# Barbie, Baby Duck, and a Perch



## GaryFish (Sep 7, 2007)

Well, Friday night I took my 5 year old daughter Molly out for some fishing fun in Rexburg. We headed to the community pond at Nature Park, behind the fairgrounds with a Barbie pole and cup of worms. We got there and tried our luck. Some other kids were there, and feeding the ducks, and thought best place was to stand behind us, and throw the bread over us into the pond. Certainly didn't help the fishing. We cast out anyway with a bobber above a worm. Well, a baby mallard saw the bobber and swam straight to it and before I could pull the line in, dove under the water and grabbed the worm. Boom. Duck on! Not good. I reeled in the baby duck, it crying all the way and got it close enough to cut the line right by the bill and it took off to the other side of the pond. Well, that ended the fishing for a while. Which let Molly enjoy the pond her way.

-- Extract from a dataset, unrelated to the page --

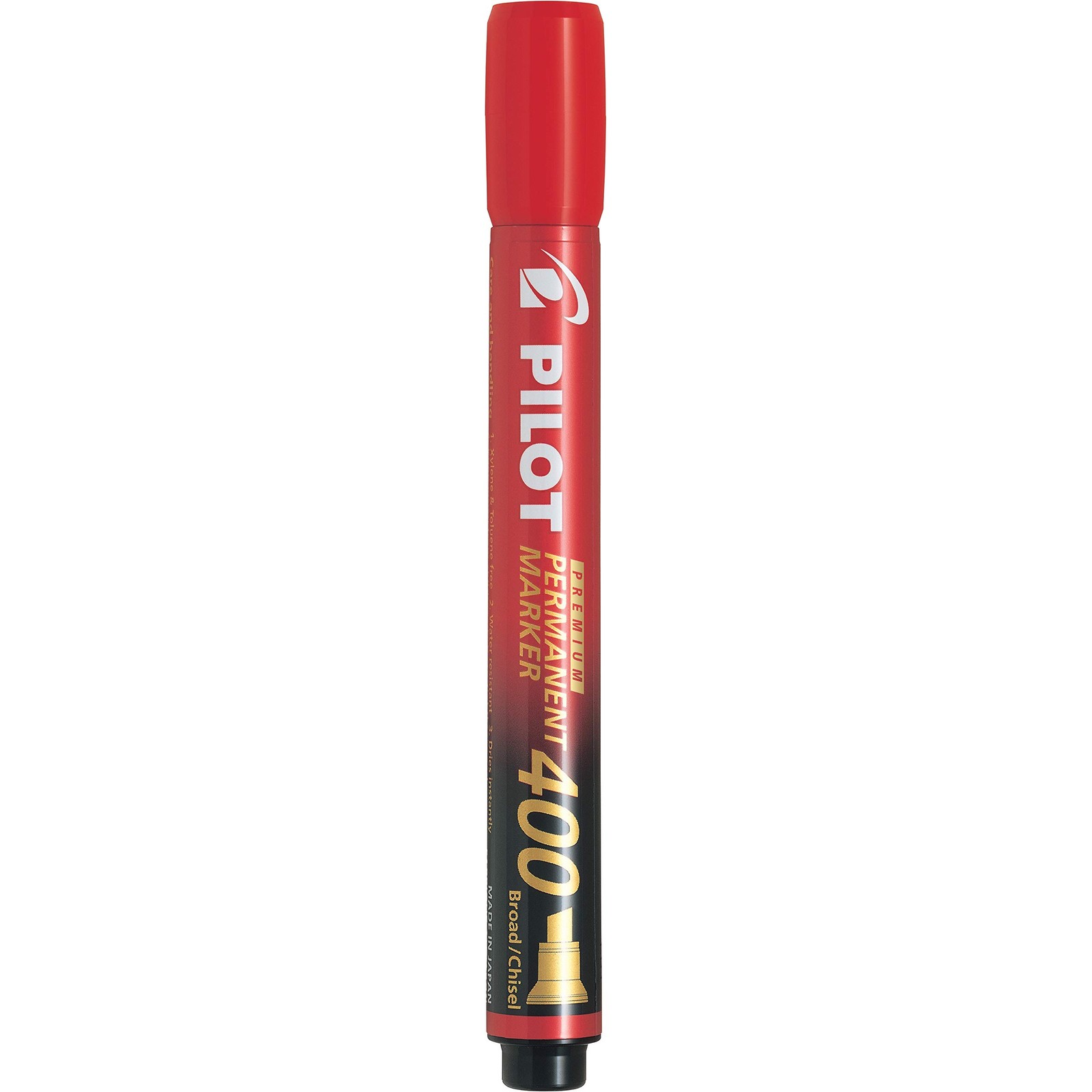 PILOT Premium 400 Permanent Markers, Broad Point Chisel Tip, Red Ink, Box of 12

Well, after getting soaked to the neck, and having a great time, she discovered she was cold and wet. Luckily, I had a towel in the car to wrap her up and let her warm up a bit. I had also taken my 10 year old nephew with us, and he started getting some bites on the little spinner I put on his line. So I went and got Molly out of the car and back to the pond. I cast out the little mepps and started the retrive for her and then got to use that great phrase Dad's love: "Here Molly, you hold the pole." and she got so excited to reel in her first fish with the Barbie pole. This little perch was quite the trophy for her. 









It must have been the highlight. When we got home, she didn't even mention the baby duck to Mom.


----------



## wyogoob (Sep 7, 2007)

Great pics, thanks for sharing.

.


----------



## fishreaper (Jan 2, 2014)

A duck actually took my fly the other day and it ended up breaking my tenkara rod just as the hook came loose. Great pictures anyways.


----------